«Abbiamo applicato quello che il protocollo prevede, spedendo a casa la lettera al nostro donatore. I risultati degli esami, infatti, vengono consegnati, via posta o personalmente, su richiesta dei volontari, e inviati solo se vengono riscontrati valori non in regola».
I responsabili dell'associazione fidentina, che mette a disposizione i locali per le donazioni effettuate poi dal personale dell'Ausl, e il medico responsabile della raccolta sangue, si netono «tranquilli» e forniscono la loro versione dei fatti.
«Va precisato, in primis - sostengono dall'associazione - che l'esame del Psa non è tra quelli richiesti per donare e che quindi al nostro donatore avevamo fatto un favore ad aggiungerlo nella lista. L'Avis non è un centro sanitario, è un'associazione di volontari e gli esami sono finalizzati alla raccolta del sangue. Detto questo, quando abbiamo ricevuto il responso degli esami del donatore in questione, come prevedeva il regolamento del 2007 abbiamo spedito a casa i risultati».

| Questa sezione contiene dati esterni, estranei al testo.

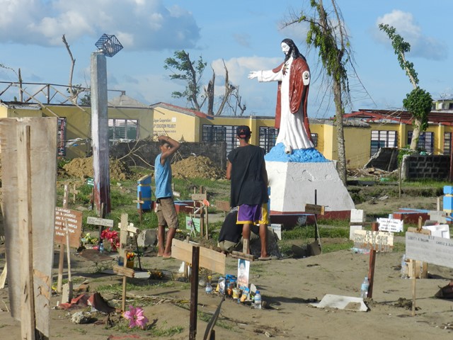 海外の支援で、地区の中心部にある教会の前に、白いテントが区役所として建つ。そして台風で残った大きなキリスト像がある。左手首から先が折れているが、すっくと立っている。キリスト像に守られるように、その周辺に無数の十字架が並ぶ。家族や友人らが、亡き人々のために手作りの墓地や墓標を整えている。

Lettera che, sostiene Giordani, non è mai arrivata. Se venisse utilizzato il sistema della raccomandata con ricevuta di ritorno, il problema non si sarebbe, forse, verificato. Ma come è potuto accadere che il borghigiano abbia continuato a donare pur essendo malato? «Il donatore, ripresentandosi nel 2008 per le successive donazioni, in buona salute e senza segnalare problemi - spiega il medico, ex responsabile del Centro fisso di raccolta - è stato ammesso alle successive sedute di raccolta sangue».